Exercise in exact copying: restate word for word only the lines below from the one containing "Tags: PRADA GAUFRE" through the one containing "In Pittsburgh's case, the", omitting any pictures.

━━ Supplied information ━━

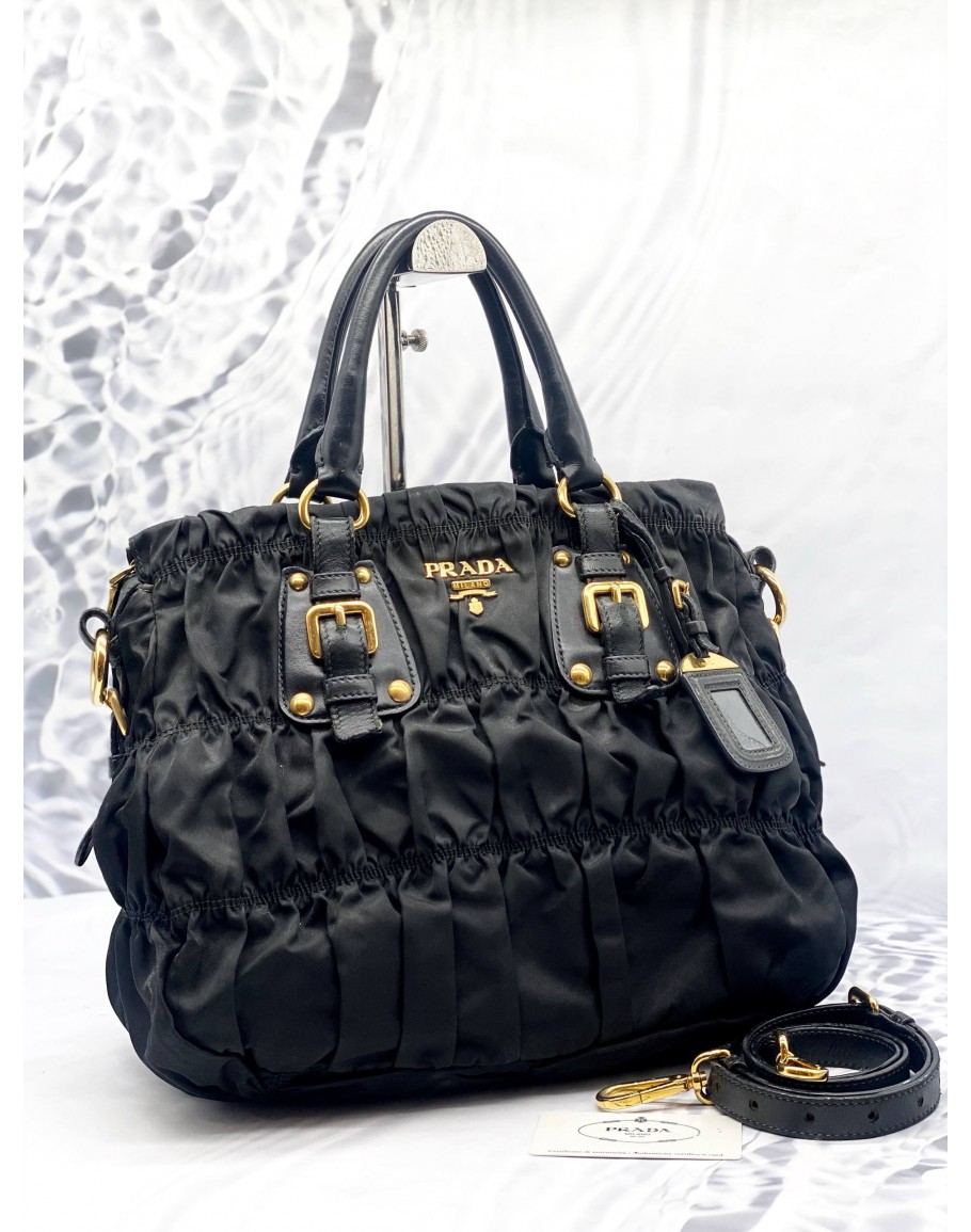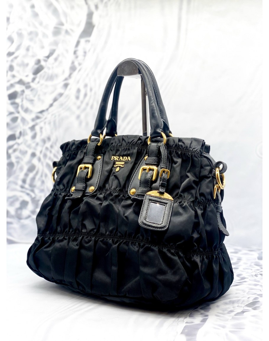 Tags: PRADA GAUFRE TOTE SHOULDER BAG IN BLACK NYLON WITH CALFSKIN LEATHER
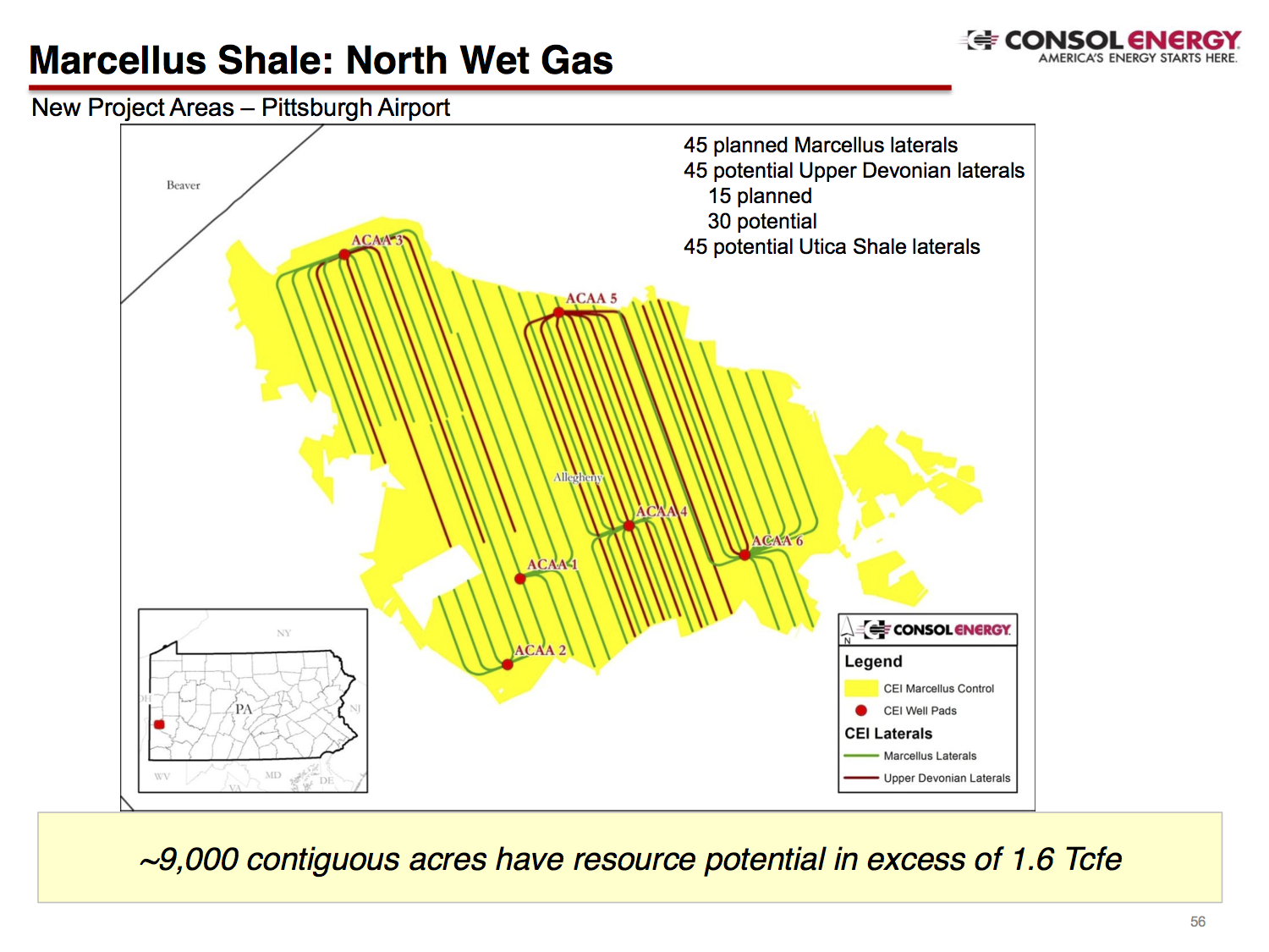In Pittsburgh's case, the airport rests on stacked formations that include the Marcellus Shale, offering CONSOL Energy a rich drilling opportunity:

━━━
━━ Supplied information ━━

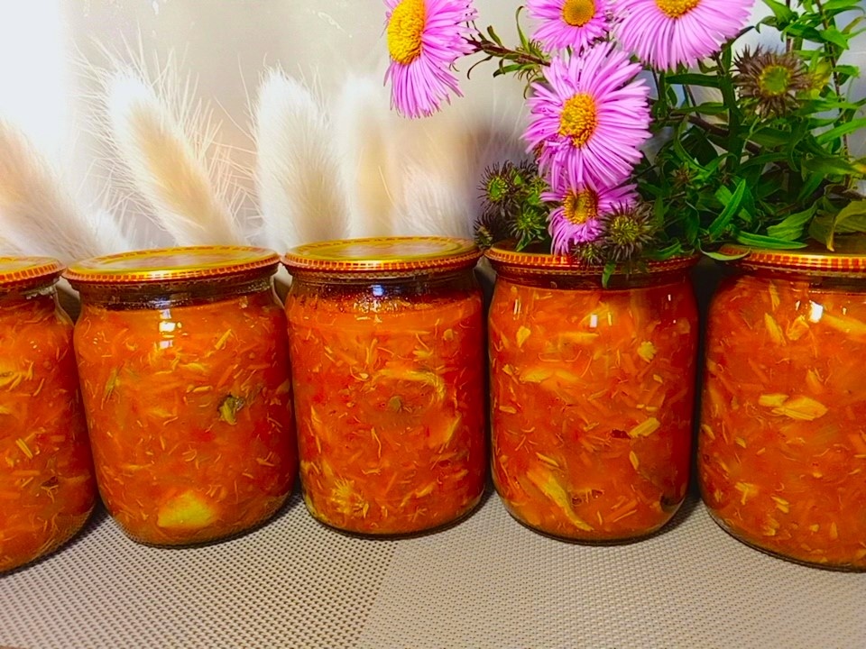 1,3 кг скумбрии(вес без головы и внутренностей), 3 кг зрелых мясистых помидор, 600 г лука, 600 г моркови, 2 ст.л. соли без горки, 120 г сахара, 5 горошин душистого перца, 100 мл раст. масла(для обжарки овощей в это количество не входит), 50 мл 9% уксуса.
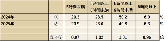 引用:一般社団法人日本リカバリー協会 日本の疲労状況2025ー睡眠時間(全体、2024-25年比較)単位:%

━━━

> Solution to the exercise
 Tags: PRADA GAUFRE TOTE SHOULDER BAG IN BLACK NYLON WITH CALFSKIN LEATHER
In Pittsburgh's case, the airport rests on stacked formations that include the Marcellus Shale, offering CONSOL Energy a rich drilling opportunity:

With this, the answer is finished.